ATHENS Greece demanded an explanation from the International Monetary Fund on Saturday after an apparent leaked transcript suggested the IMF may threaten to pull out of the country's bailout as a tactic to force European lenders to more offer debt relief.
EU/IMF lenders will resume talks in Athens on Greece's fiscal and reform progress next week aiming to conclude a bailout review that will unlock further loans and pave the way for negotiations on long-desired debt restructuring.
The review has been adjourned twice since January due to a rift among the lenders over the estimated size of Greece's fiscal gap by 2018, as well as disagreements with Athens on pension reforms and the management of bad loans.
Internet whistleblowing site WikiLeaks published what it said was the transcript of a March 19 conference call of three senior IMF officials discussing tactics to apply pressure on Greece, Germany and the EU to reach a deal in April.
The officials were quoted as discussing a threat that the fund might not participate in Greece's third bailout programme as a way to force EU creditors, especially Germany, to reach a deal on debt relief before Britain's June referendum on whether to stay in the European Union.
"The Greek Government asks the IMF for explanations whether pursuing the creation of bankruptcy conditions in Greece, just before the British referendum, is the Fund's official position," government spokeswoman Olga Gerovasili told state TV.
An IMF spokesman in Washington said the Fund did not comment on "leaks or supposed reports of internal discussions" but added that the IMF had made its position known in public.
"We have stated clearly what we think is needed for a durable solution to the economic challenges facing Greece - one that puts Greece on a path of sustainable growth supported by a credible set of reforms matched by debt relief from its European partners," the spokesman said.
"The needed reforms and targets need to be based on credible assumptions.

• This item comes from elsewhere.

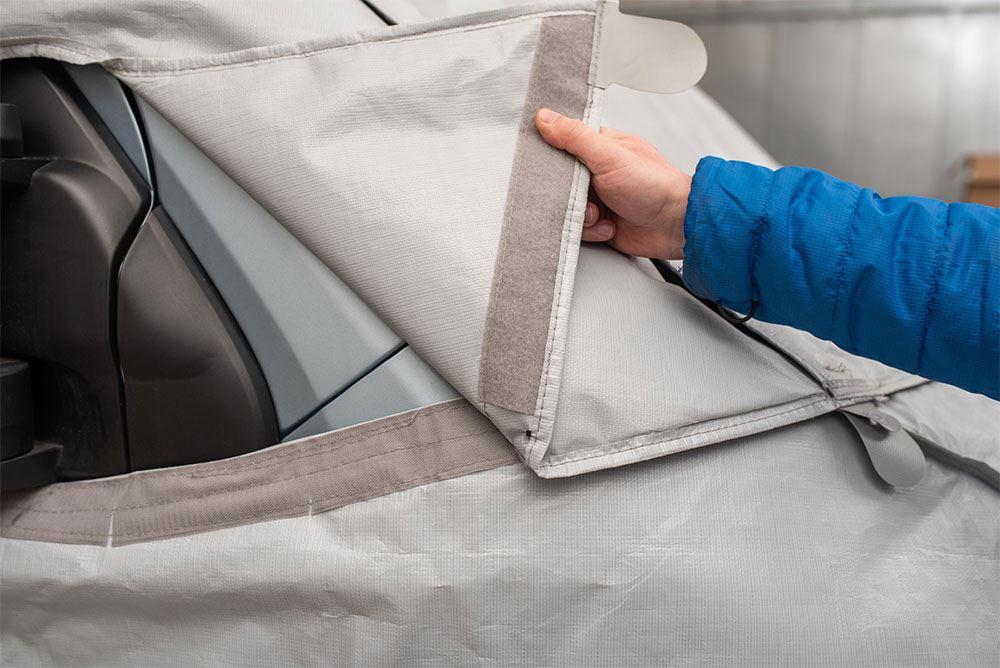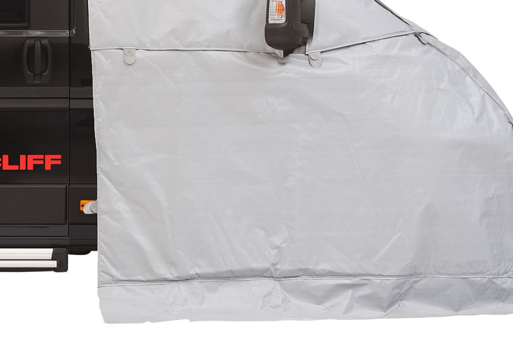 Na dolnej krawędzi znajduje się osłona przeciwwiatrowa ze zintegrowanymi oczkami, która skutecznie chroni całą kabinę przed wnikaniem zimna przez nieizolowaną komorę silnika, nadkola i drzwi kabiny

As we have said, there is a trade off between what is feasible on reforms and the amount of debt relief needed."
BLACKMAIL ON GREECE OR GERMANY?
The purported conversation involved Poul Thomsen, head of the IMF's Europe department, and Delia Velculescu, leader of the IMF team in Greece, and IMF official Iva Petrova.
They discussed whether Greece could apply more austerity as a condition for receiving more aid ahead of big debt repayments in July and voiced frustration at the European Commission's reluctance to side with IMF pressure on Athens.

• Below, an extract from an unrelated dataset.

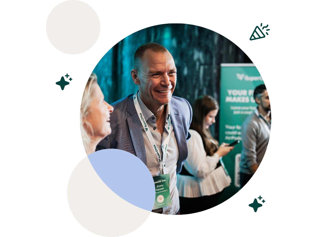 Invitationer, tilmeldinger og deltagelsesstatus synkroniseres direkte med SuperOffice. Events vises som projekter, og deltagere opdateres som projektmedlemmer, hvilket giver salgs- og marketingafdelingen et klart overblik over eventdeltagelsen.

They also suggest that Brussels is sticking to unrealistic assumptions about Greece's budget shortfall to minimise the need for debt relief, which is unpopular with Germany and other northern euro zone hawks.
If concluded the review will unlock a fresh tranche of about 5 billion euros, which Greece needs to pay off state arrears and ECB and IMF maturing debt. Greece has no major debt redemptions due until July.

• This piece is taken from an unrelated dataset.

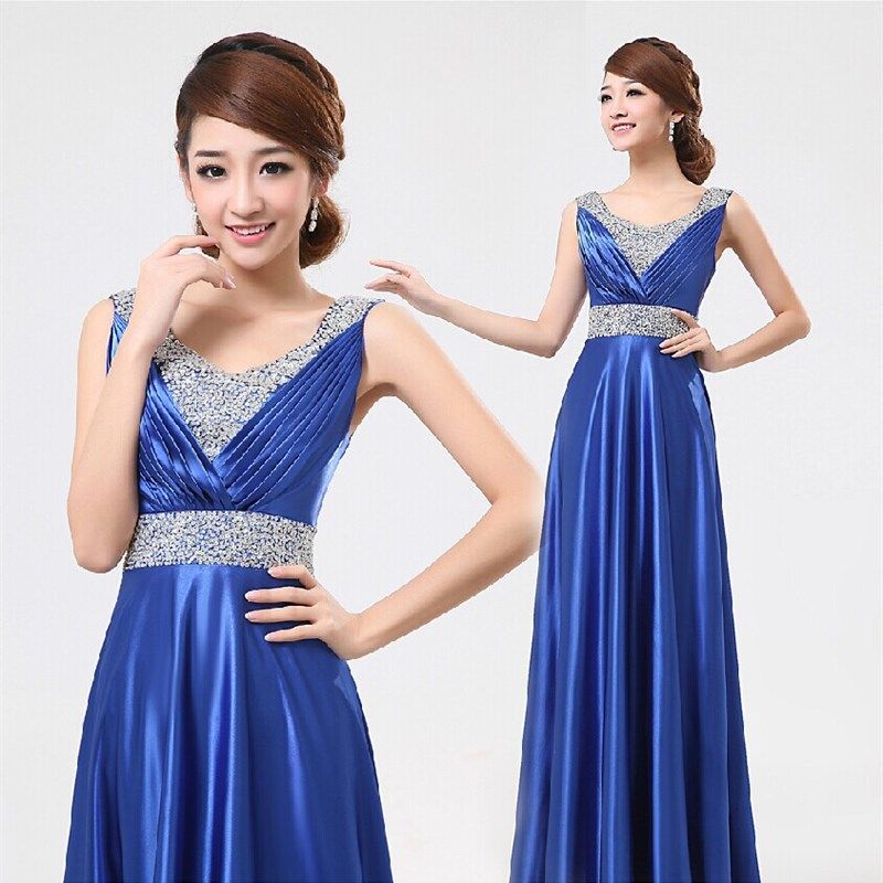 星空晚礼服新款蓝色长款亮片伴娘团气质年会姐妹显瘦主持宴会优雅

The Greek government interpreted the leak as revealing an IMF effort to blackmail Athens with a possible credit event to force it to give in on pension cuts which it has rejected.
However the transcript, if genuine, appeared to suggest that Thomsen saw more prospect of the IMF applying pressure on German Chancellor Angela Merkel to concede debt relief to keep the fund involved in the bailout and secure Greek cooperation in managing Europe's pressing refugee crisis.
"Basically we at that time say "Look, you Mrs Merkel you face a question, you have to think about what is more costly: to go ahead without the IMF, would the Bundestag say 'The IMF is not on board'? or to pick the debt relief that we think that Greece needs in order to keep us on board?" Right? That is really the issue," Thomsen was quoted as saying.
Greece hopes for a compromise before April 22, when euro zone finance ministers are to assess its progress.
EU officials have cited progress in talks but have also cautioned that there is still a long way before the review is wrapped up.